Home Gen AI News Talk Build trustworthy AI agents with Amazon Bedrock AgentCore Observability

Build trustworthy AI agents with Amazon Bedrock AgentCore Observability

2

AI agents are transforming enterprise applications across industries, from customer service to complex decision workflows. As organizations scale these deployments, they face a fundamental question: how can you improve trust in an AI application? The challenge is transparency. AI agents can make decisions on behalf of users, invoke tools dynamically, and follow reasoning paths that create an accountability gap. Having visibility into the factors influencing user interactions and outcome can help you build transparent and reliable agents.Too often, observability becomes an afterthought. This approach fails with AI agents. Observability must be fundamental from day one because these systems learn, adapt, and make decisions that directly impact user trust. Early observability implementation helps you build transparency, reliability, and exceptional user experiences as core features.

At the AWS Summit New York City 2025, we introduced Amazon Bedrock AgentCore Observability, a comprehensive monitoring solution for AI agents that works across different agent frameworks and foundation models (FMs). Amazon Bedrock AgentCore Observability makes it straightforward for developers to monitor, analyze, and audit AI agent interactions by minimizing complex observability infrastructure setup while providing full visibility into agent operations. It provides powerful capabilities for tracking agent interactions, analyzing performance metrics, and debugging issues across different deployment environments, so developers can build trustworthy AI systems from day one.

In this post, we walk you through implementation options for both agents hosted on Amazon Bedrock AgentCore Runtime and agents hosted on other services like Amazon Elastic Compute Cloud (Amazon EC2), Amazon Elastic Kubernetes Service (Amazon EKS), AWS Lambda, or alternative cloud providers. We also share best practices for incorporating observability throughout the development lifecycle.

The following video provides an overview of the capabilities, showcases the dashboard interface, and highlights how these features integrate with your agent development workflow. To quickly get started, visit our GitHub repo for a code walkthrough and to learn more.

Solution overview

Amazon Bedrock AgentCore Observability is designed as a development accelerator that delivers immediate value from day one with the following key benefits:

  • Ease of setup and usage
  • Full end-to-end traceability and visualization with readily available dashboards
  • Standardized for OpenTelemetry and generative AI semantic conventions
  • Can be used with all AI agent frameworks and large language models (LLMs)

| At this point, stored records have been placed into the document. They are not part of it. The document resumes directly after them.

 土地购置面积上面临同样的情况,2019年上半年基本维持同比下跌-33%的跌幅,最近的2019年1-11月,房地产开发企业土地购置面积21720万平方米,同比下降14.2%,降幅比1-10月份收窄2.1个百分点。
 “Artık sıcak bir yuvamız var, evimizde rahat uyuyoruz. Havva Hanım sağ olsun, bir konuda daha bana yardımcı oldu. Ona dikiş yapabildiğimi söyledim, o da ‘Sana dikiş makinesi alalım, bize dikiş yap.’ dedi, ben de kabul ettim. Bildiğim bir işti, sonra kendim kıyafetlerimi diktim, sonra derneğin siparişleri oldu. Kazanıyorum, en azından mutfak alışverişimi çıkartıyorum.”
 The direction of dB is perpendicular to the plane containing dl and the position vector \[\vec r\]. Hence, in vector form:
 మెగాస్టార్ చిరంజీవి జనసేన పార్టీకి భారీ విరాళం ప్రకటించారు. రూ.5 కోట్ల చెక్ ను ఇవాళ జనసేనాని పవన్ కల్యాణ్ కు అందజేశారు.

This unified monitoring approach reduces the need for framework-specific observability solutions, simplifying implementation across diverse agent architectures. This flexibility helps make your observability investment valuable regardless of your technology choices.Amazon Bedrock AgentCore Observability offers two ways to configure monitoring to match different infrastructure needs:

  • Amazon Bedrock AgentCore Runtime-hosted agents – These agents are deployed and executed directly within the Amazon Bedrock AgentCore environment, providing automatic instrumentation with minimal configuration. This approach offers the fastest path to deployment and is ideal for rapid development and testing.
  • Non-runtime hosted agents – These agents deliver the same monitoring capabilities for agents deployed on your own infrastructure, for consistent observability regardless of where your agents run.

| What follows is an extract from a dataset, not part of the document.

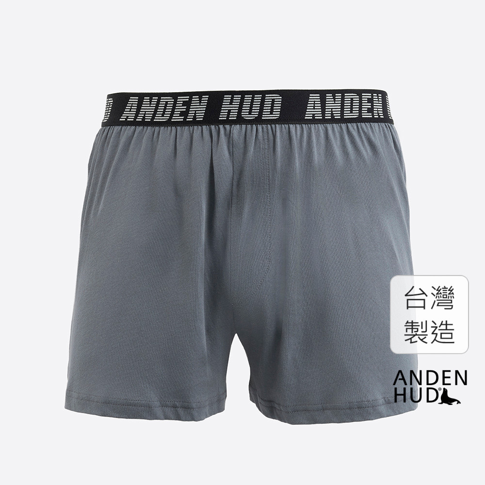 【Anden Hud】男款_Newtro Street.不開襟純棉寬鬆四角內褲(塵石藍-黑橫條緊帶) 純棉台灣製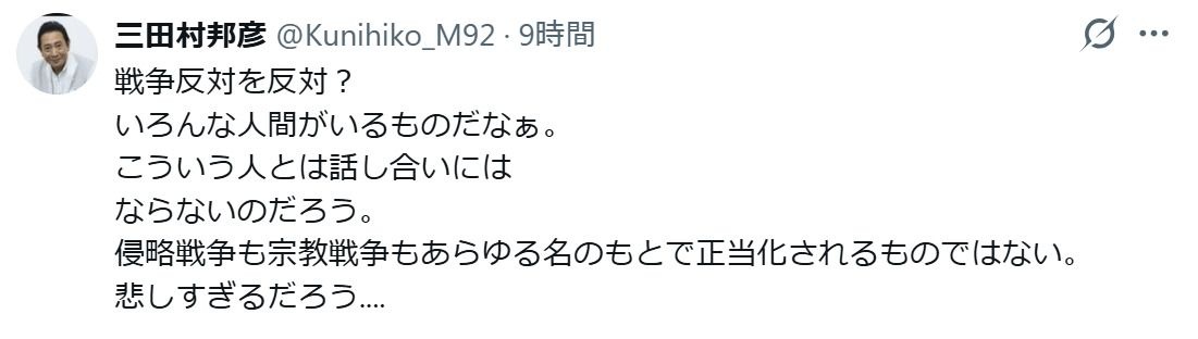【難癖】72歳俳優・三田村邦彦が私見「戦争反対を反対?こういう人とは話し合いにはならないのだろう。悲しすぎる」

Both options capture critical metrics that traditional monitoring misses, including token usage, tool selection patterns, reasoning processes, and end-to-end latency across agent workflows. Data is automatically routed to Amazon CloudWatch and accessible through the GenAI Observability dashboard’s Bedrock AgentCore tab, making it straightforward to identify patterns and troubleshoot issues. Teams typically see reduced debugging time, lower production incident rates, and more efficient resource utilization across their AI agent deployments.

Prerequisites

To enable Amazon Bedrock AgentCore Observability for your AI agents, you must have the following prerequisites:

  • An active AWS account with model access enabled to the FM you want to use and credentials configured.
  • Transaction search enabled on CloudWatch. First-time users must enable CloudWatch transaction search to view Amazon Bedrock AgentCore spans and traces.
  • The OpenTelemetry library. To add it, include aws-opentelemetry-distro (ADOT) in your requirements.txt file.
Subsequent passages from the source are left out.